Я не сопротивлялся два дня спустя, после поимки, когда меня потащили в операционную и кожаными ремешками пришнуровывали к столу под зонтиком нестерпимо сиявшей лампы. Последнее воспоминание, оживившее мои нервы, были слова женщины ниоткуда: «Тому, кто находится в Калимере, Ариана Вэйя не нужен». И я заснул, усыплённый хлороформом, рядом с человеком, которому должен был отдать своё сердце и который освобождал меня от тела, пронзённого мизинцем Магдалины.
Когда я открыл глаза, меня ожидал новый мир. Он пел свою дивную песню в колышащихся зелёных ветвях деревьев, в юрких жгутах дневного светила.
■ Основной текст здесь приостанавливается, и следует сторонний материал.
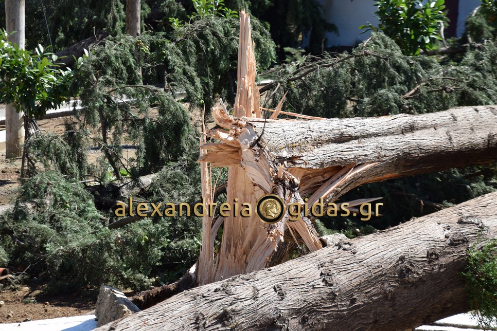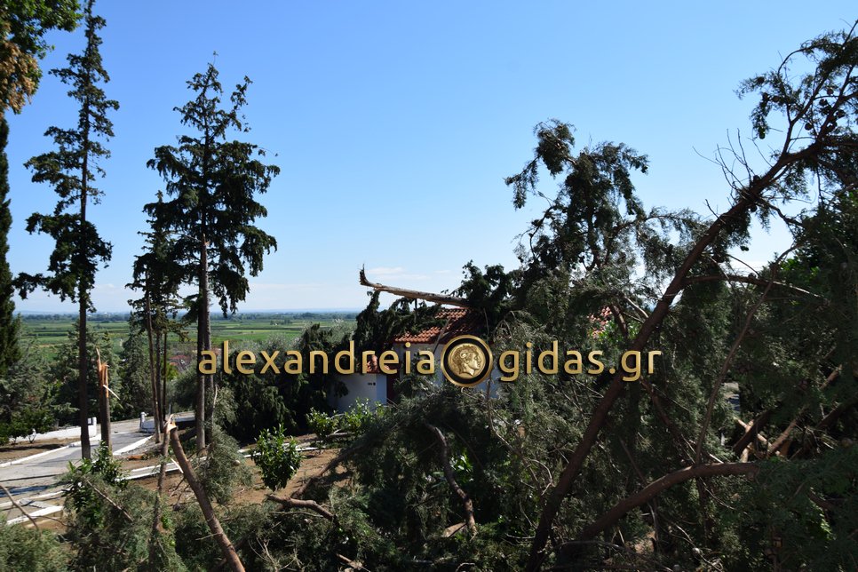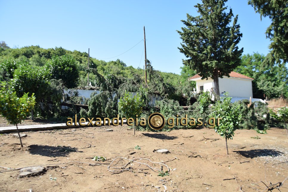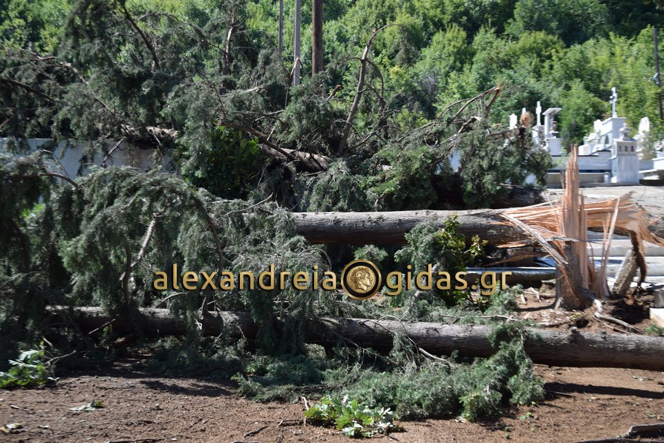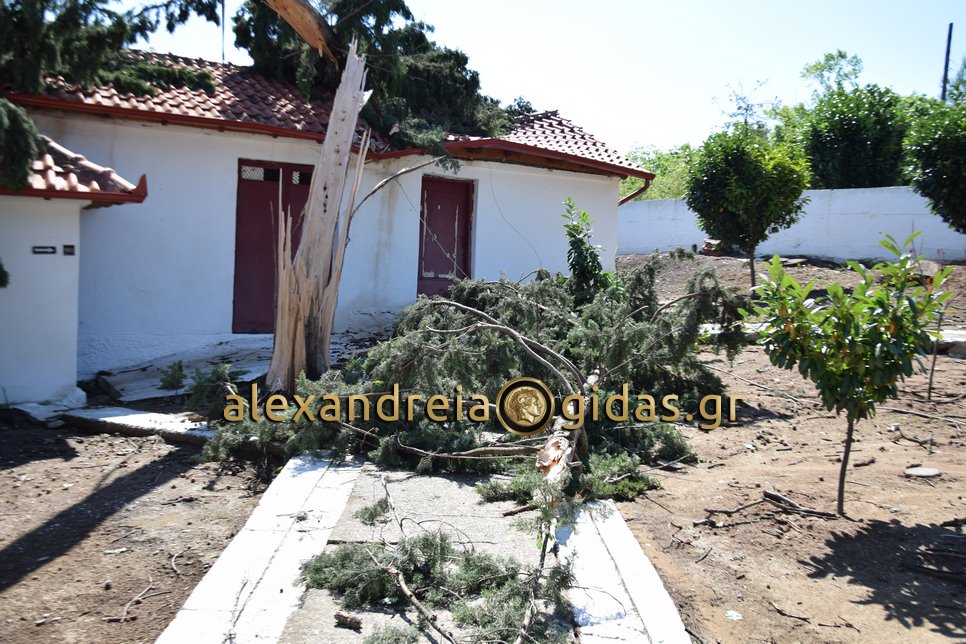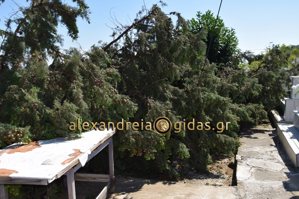 Στα κοιμητήρια και στον Ιερό Ναό Αγίου Γεωργίου Αγκαθιάς η χτεσινή καταιγίδα έριξε αρκετά δέντρα προκαλώντας ζημιές τόσο στους χώρους των κοιμητηρίων όσο και στους χώρους του ναού.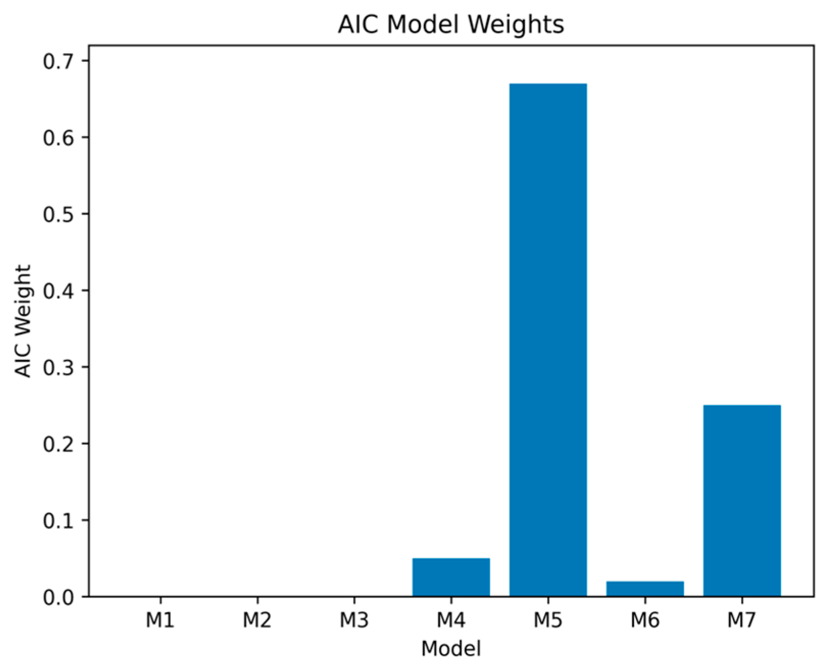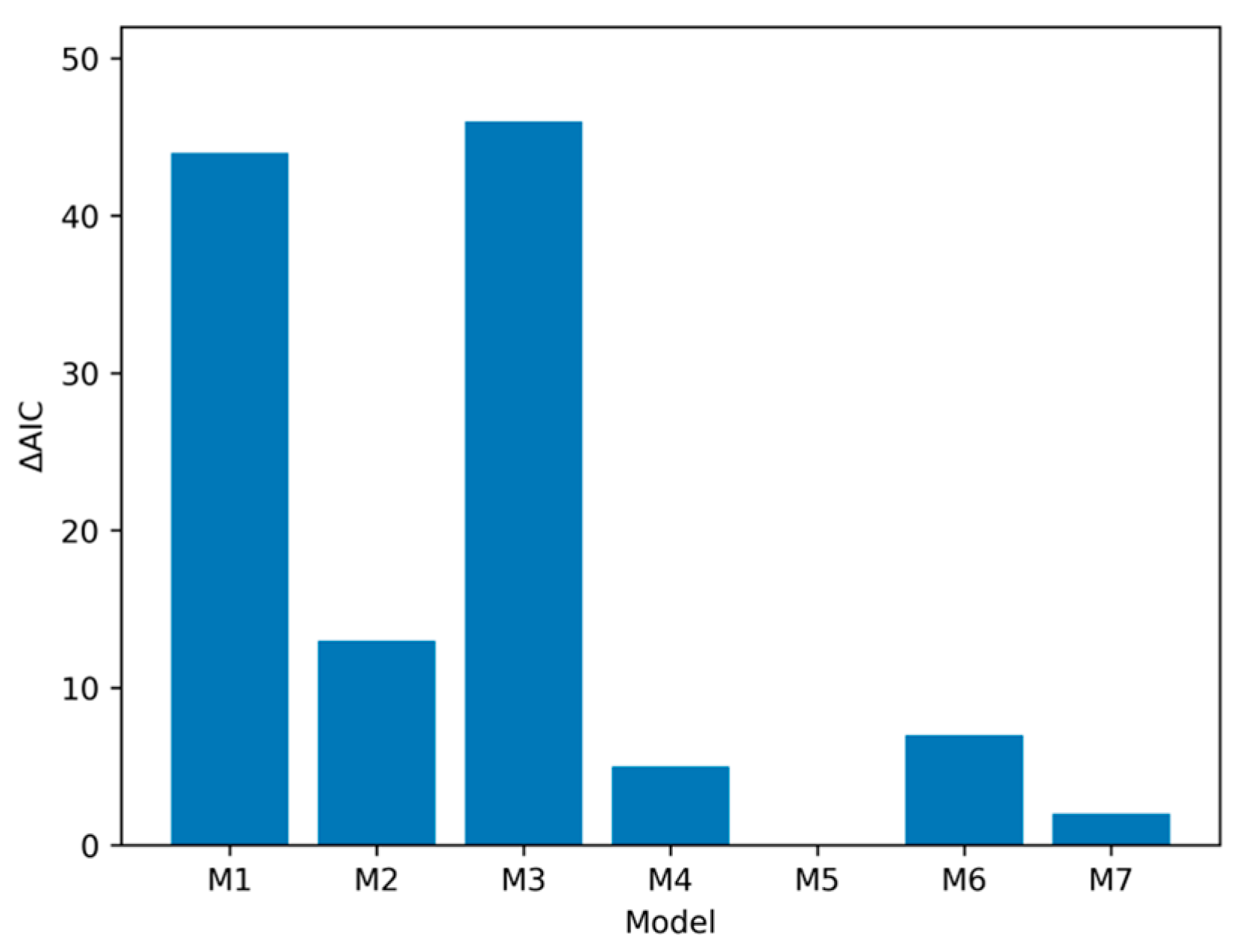 To quantify the relative support for each candidate model, we also computed Akaike weights to provide a quantitative estimate of the probability that our best fitting model was likely to be robust in future replications. We transformed each model’s ΔAIC relative to Model 5 into a relative likelihood of being the correct model using the expression

Я слушал гудящие над окном шершавые провода, наполненные терпким и жгучим электричеством…
Я, как маленький ребёнок, взвешивал каждую пылинку, пролетающую мимо носа, и хохотал, широко разинув беззубый рот.
Дни тянулись долгим, томным праздником жизни, и скоро мне стало казаться, что я начал понимать язык всего сущего на земле.
Белая птица под окном напела грустную историю о том, как умерла одна девушка, и своей беспомощной любовью мучила возлюбленного со дня их расставания. А однажды она уснула… Но тут мне стало так грустно, что я громко зарыдал, и птица улетела.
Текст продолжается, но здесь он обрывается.